BALTIC EAGLE OFFSHORE WIND FARM
Baltic Eagle, the second largest offshore wind project in Germany
The Iberdrola group has begun the geotechnical phase for the Baltic Eagle offshore wind farm, which will have an installed capacity of 476 megawatts (MW), representing the start of a strategic project for the company in the Baltic Sea.
Next to Rügen Island (Baltic Sea)
Total installed capacity
Iberdrola has begun the geotechnical phase for the Baltic Eagle offshore wind farm, which will have an installed capacity of 476 megawatts (MW), representing the start of a strategic project for the company.

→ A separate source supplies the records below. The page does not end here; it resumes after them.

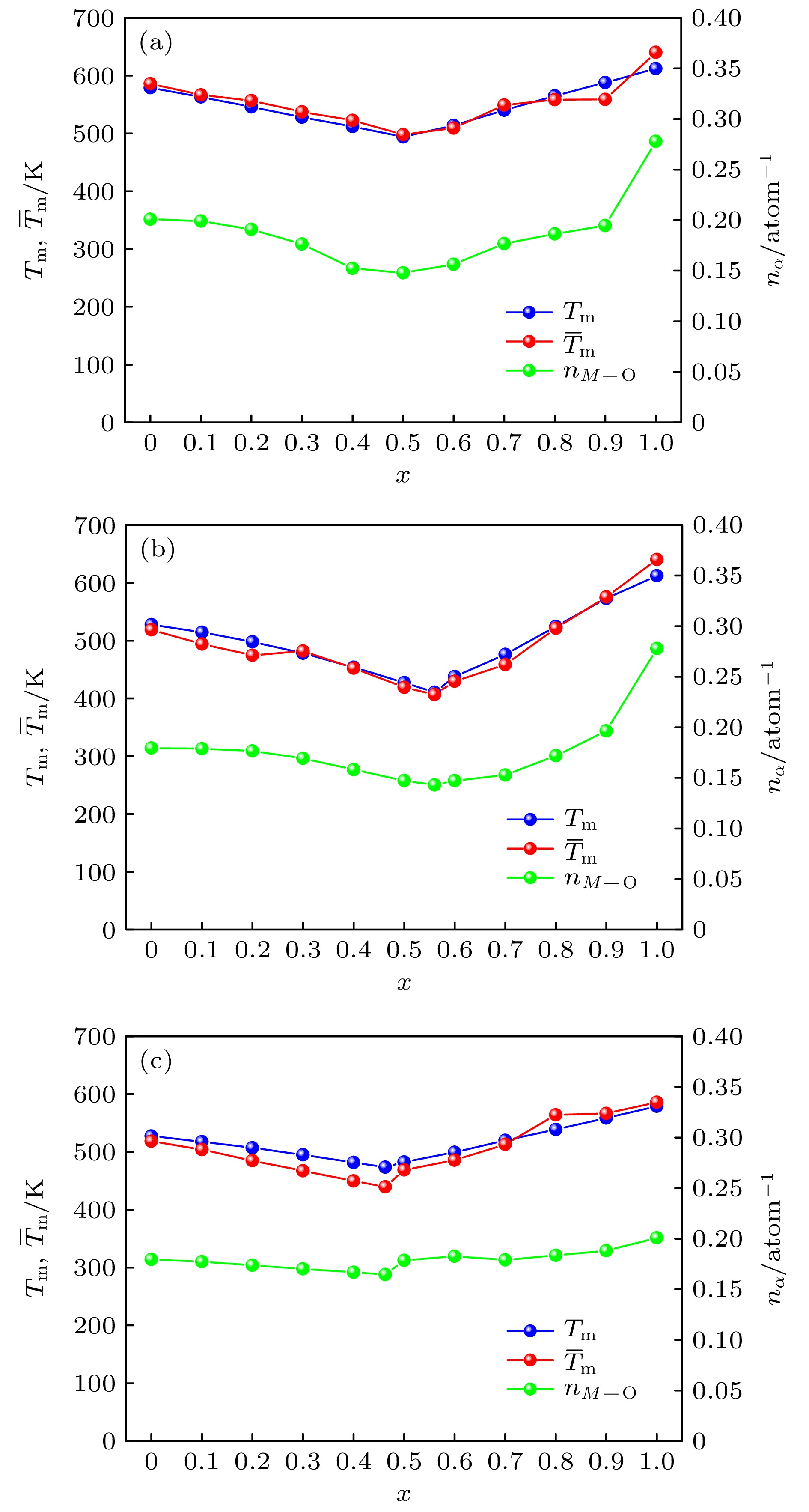 x $ {T}_{\mathrm{m}} $/K[41] $ {\overline{T}}_{\mathrm{m}} $/K $ \dfrac{\left|\Delta{T}_{\mathrm{m}}\right|}{{T}_{\mathrm{m}}} $/% $ {n}_{{M}-\mathrm{O}} $/atom–1 $ {E}_{\mathrm{c}}/ $(eV·atom–1)[42] $ {\overline{E}}_{\mathrm{c}}/( $eV·atom–1) $ \dfrac{\left|\Delta{E}_{\mathrm{c}}\right|}{{E}_{\mathrm{c}}} $/% 0.1 517.9 503.94 2.7 0.1773 14.298 13.97 2.3 0.2 507.1 485.17 4.3 0.1737 14.247 13.88 2.6 0.3 495.2 467.32 5.6 0.1702 14.195 13.796 2.8 0.4 482 450.07 6.6 0.1667 14.143 13.718 3.0 0.463 473.5 439.77 7.1 0.1645 14.111 13.671 3.1 0.5 482.5 469.06 2.8 0.1787 14.091 13.608 3.4 0.6 499.4 485.9 2.7 0.1827 14.04 14.255 1.5 0.7 520.1 512.96 1.4 0.179 13.988 13.799 1.4 0.8 538.7 564.38 4.8 0.1835 13.936 14.084 1.1 0.9 558.7 566.4 1.4 0.1881 13.885 13.986 0.7 -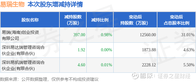 证券之星消息,1月6日易瑞生物发布公告《易瑞生物:关于控股股东及其一致行动人权益变动触及1%整数倍的提示性公告》,其股东易瑞(海南)创业投资有限公司、深圳易达瑞管理咨询合伙企业(有限合伙)、深圳易凯瑞管理咨询合伙企业(有限合伙)于2025年12月5日至2026年1月5日间合计减持403.52万股,占公司目前总股本的0.9962%,变动期间该股股价下跌0.91%,截止1月5日收盘报9.81元。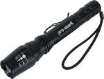 High intensity rechargeable flashlight with three selectable light levels, strobe and SOS modes.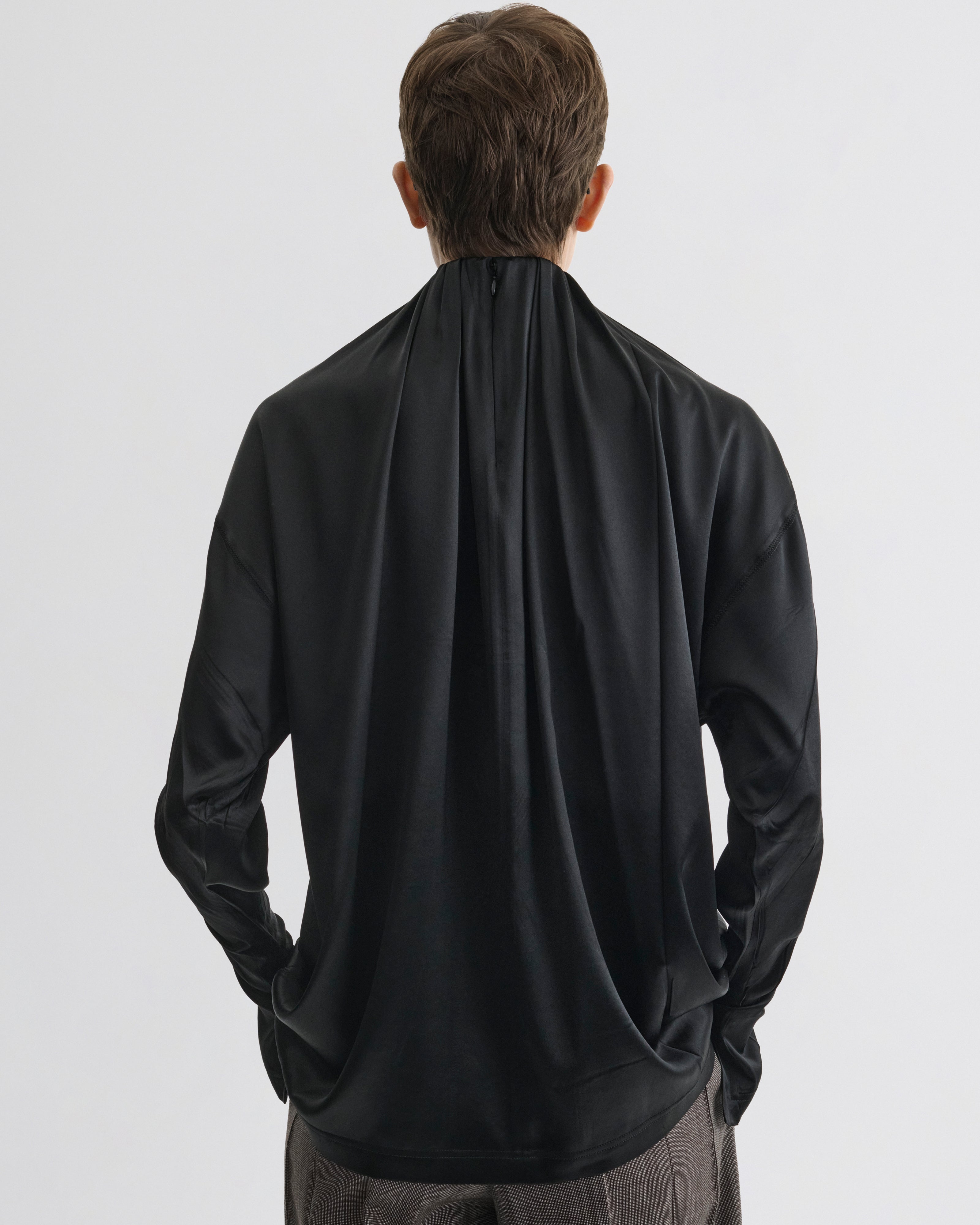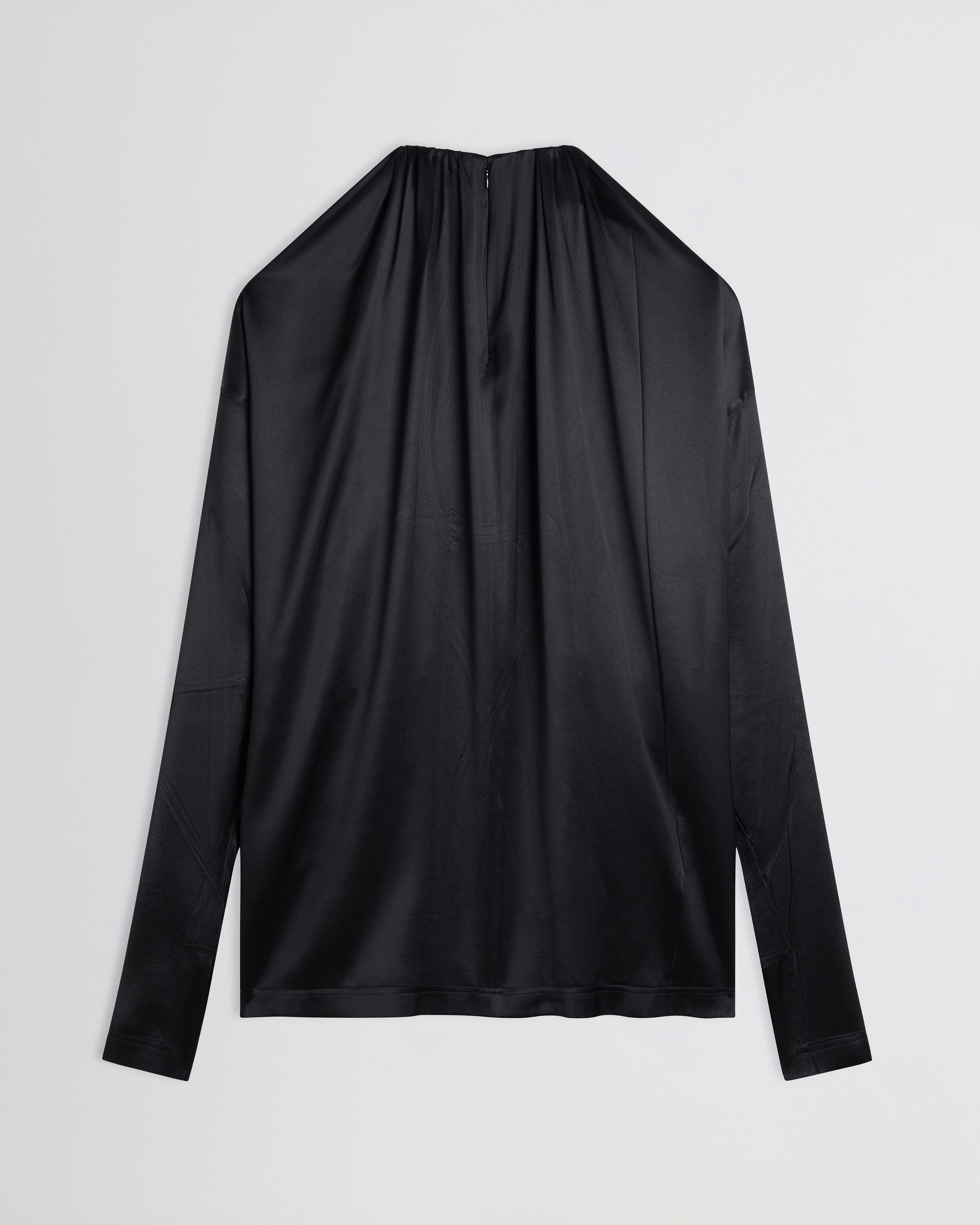 Liquid top in black silk satin. The glossy stretch fabric is gathered from the body to the neck in soft ridges to give a sculptural silhouette. Zip fastening at the back.

This preliminary phase — at a cost of over €10 million — will conclude in March 2019 and will be a key stage in compliance with the construction schedule and the commissioning of this renewable installation: the data obtained will determine the design of the foundations the turbines and substation will be built on, and which will be installed at depths of up 45 m.

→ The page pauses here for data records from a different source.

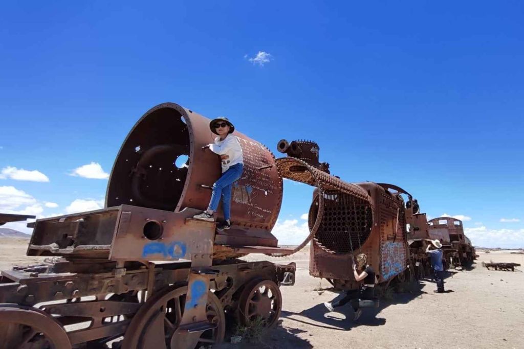 9시간 동안 버스를 타고 이동한 후 사무실로 이동하여 맛있는 아침 식사를 즐긴 후 우유니 소금 평원과 다채로운 라군 투어를 시작합니다. 첫 번째 정차 지점은 "기차 묘지"로, 이곳에서 오래되고 낡은 기차를 볼 수 있습니다.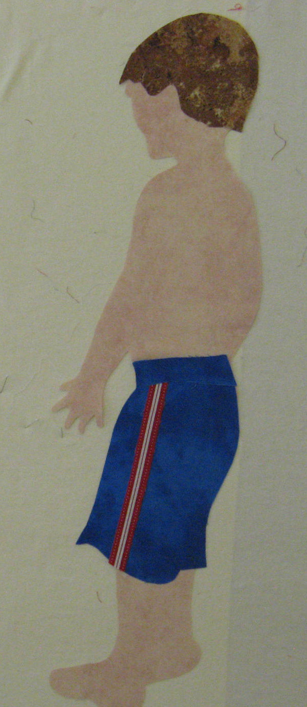 The last couple of days have been spent finishing up the background painting and experimenting with various ways to put shadows and shading on my figures. On the original quilt, I shaded with tulle fused onto the little boys' figures and made shadows beneath them, on the sand. This is effective, but very tedious!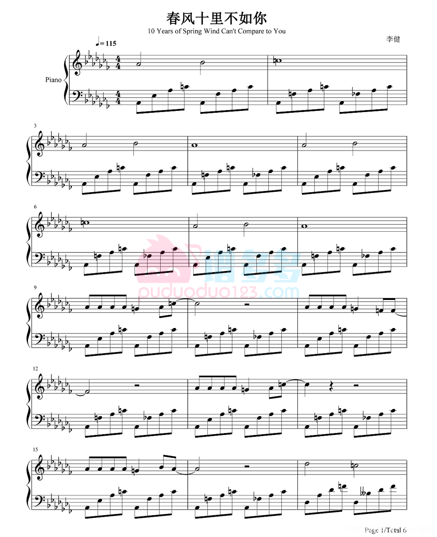 曲谱介绍: 李健《春风十里不如你》钢琴谱,由谱友精心编配制谱,完整版共6张PNG格式图片五线谱。《春风十里不如你》是电视剧《春风十里不如你》同名主题曲,由左右作词,李健作曲并演唱。打谱啦还收录了李健更多热门歌曲不同类型或格式的曲谱,欢迎您浏览及分享。 李健《春风十里不如你》钢琴五线谱1 李健《春风十里不如你》钢琴五线谱2 李健《春风十里不如你》钢琴五线谱3 李健《春风十里不如你》钢琴五线谱4 李健《春风十里不如你》钢琴五线谱5 李健《春风十里不如你》钢琴五线谱6 《春风十里不如你》不仅延续了李健一贯的音乐风格,以清新浪漫的形式将冯唐原著中青春里的躁动、悸动、心动一展无遗,更是李健与《传奇》的作词者左右的再度合作。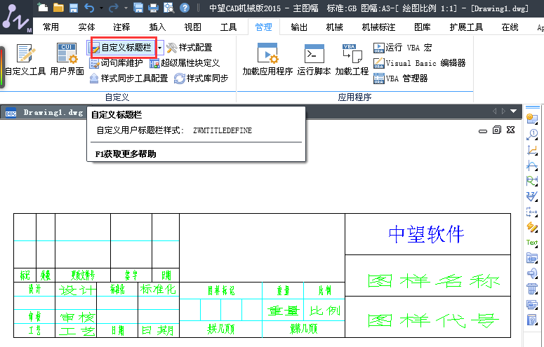 打开luck18网址机械版的Ribbon界面,在“管理自定义”中拾取“自定义标题栏”按钮,或者直接输入命令:_ZWMTITLEDEFINE,对新建的标题栏进行命名,如:zwcad。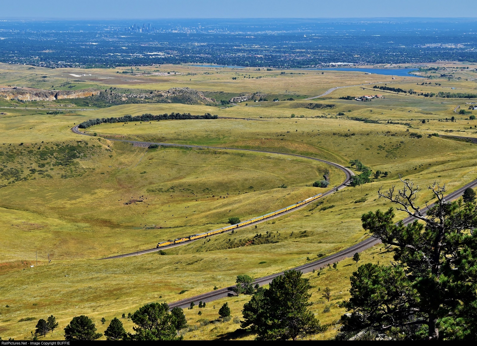 With the destination of the skyline of Denver, Colorado in the upper left, UP 6454 (AC4400CW) leads an officer's special through Big Ten Curve as comes down the Moffat Tunnel Sub.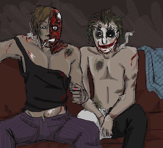>>3541Man, I freakin love this pairing. I wish more people drew it.I wish this artist didn't draw Joker so buff though. He -supposed- to be skinny.

The start of these works means the launch of the Baltic Eagle project, which we were awarded in April 2018 by the Federal Network Agency (Bundesnetzagentur), within the framework of the second offshore wind tender organised in Germany.

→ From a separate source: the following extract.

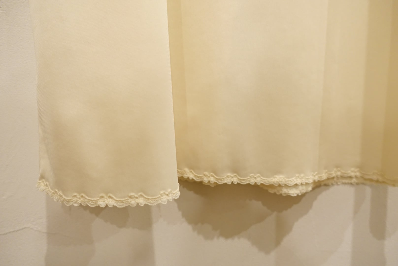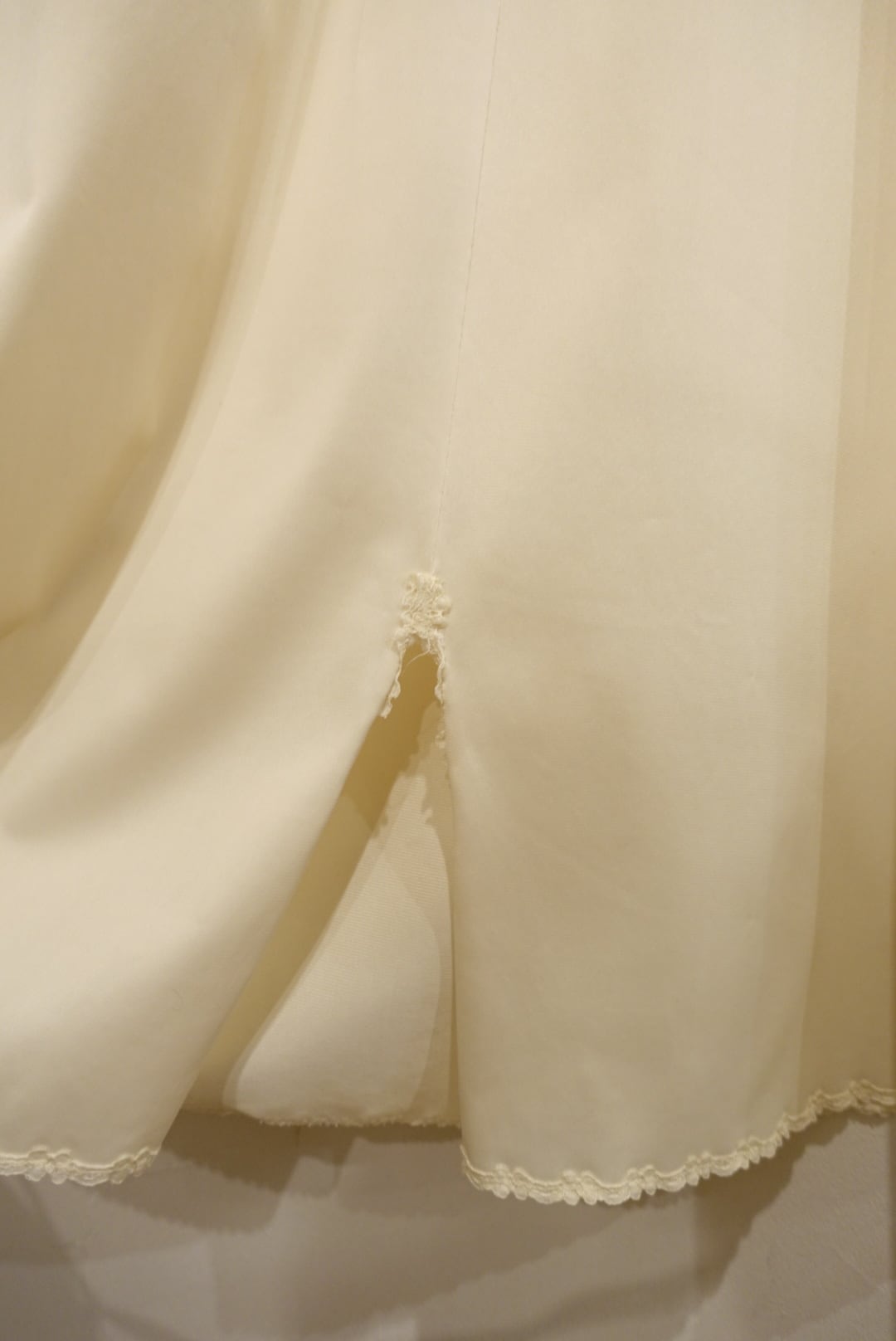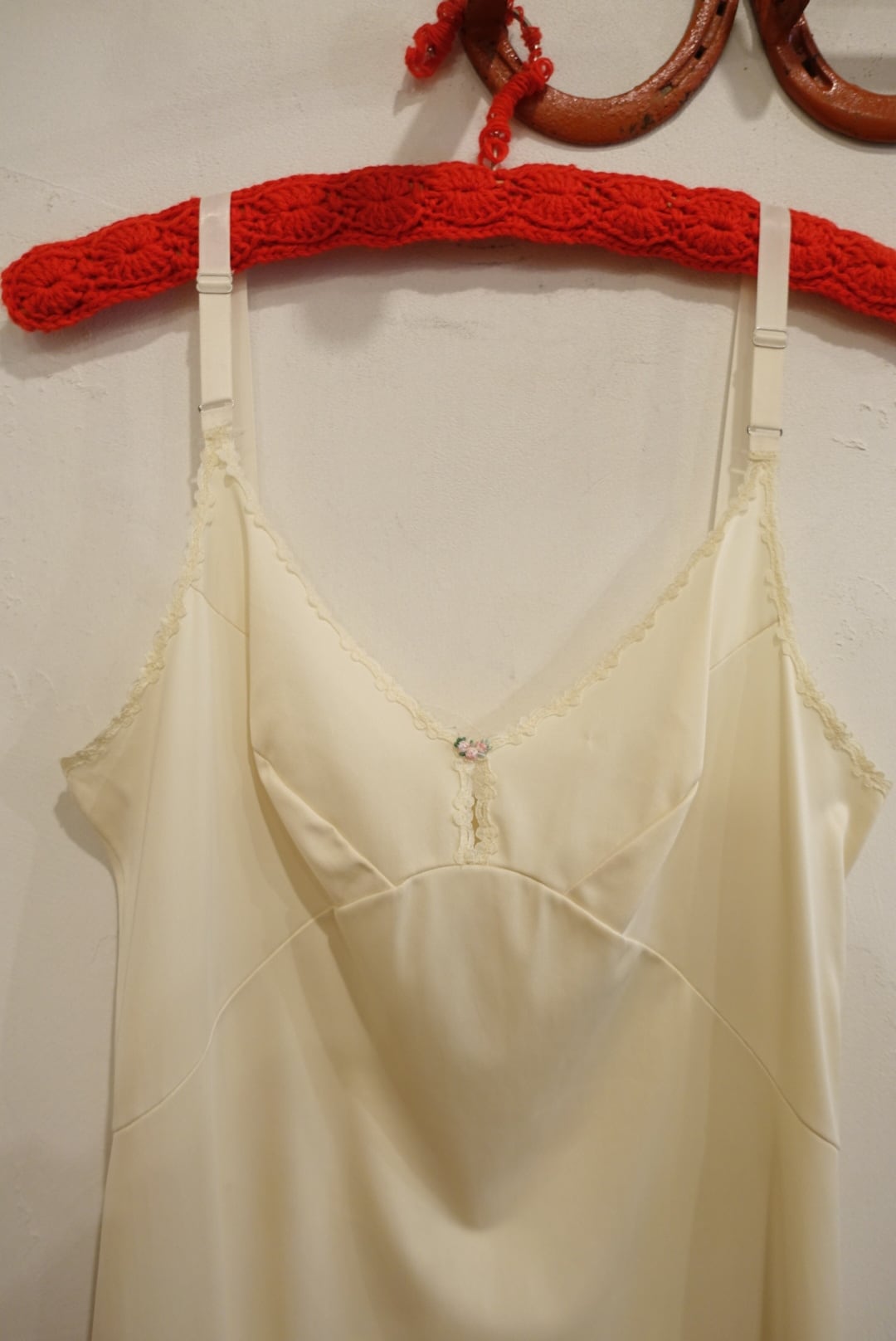 フロントのアーチ状のステッチがポイントとなるキャミワンピース。

A MEGAPROJECT IN THE BALTIC SEA
Baltic Eagle represents the second large offshore initiative promoted by the Iberdrola group in Germany, after the commissioning of the Wikinger offshore wind farm (350 MW) at the end of 2017. The company also has another offshore installation currently in development in Germany: Wikinger Süd (10 MW). These three wind farms, located next to the island of Rügen, will give rise to the largest offshore wind complex in the Baltic Sea, with a total installed capacity of 836 MW and a joint investment of €2.5 billion.
Baltic Eagle and Wikinger will be able to produce enough energy to meet 45% of the total electricity consumption of the state of Mecklenburg-West Pomerania and it will prevent the emission of 1.65 million tons of CO2 per year, thus contributing to meeting the emission reduction targets set by Germany.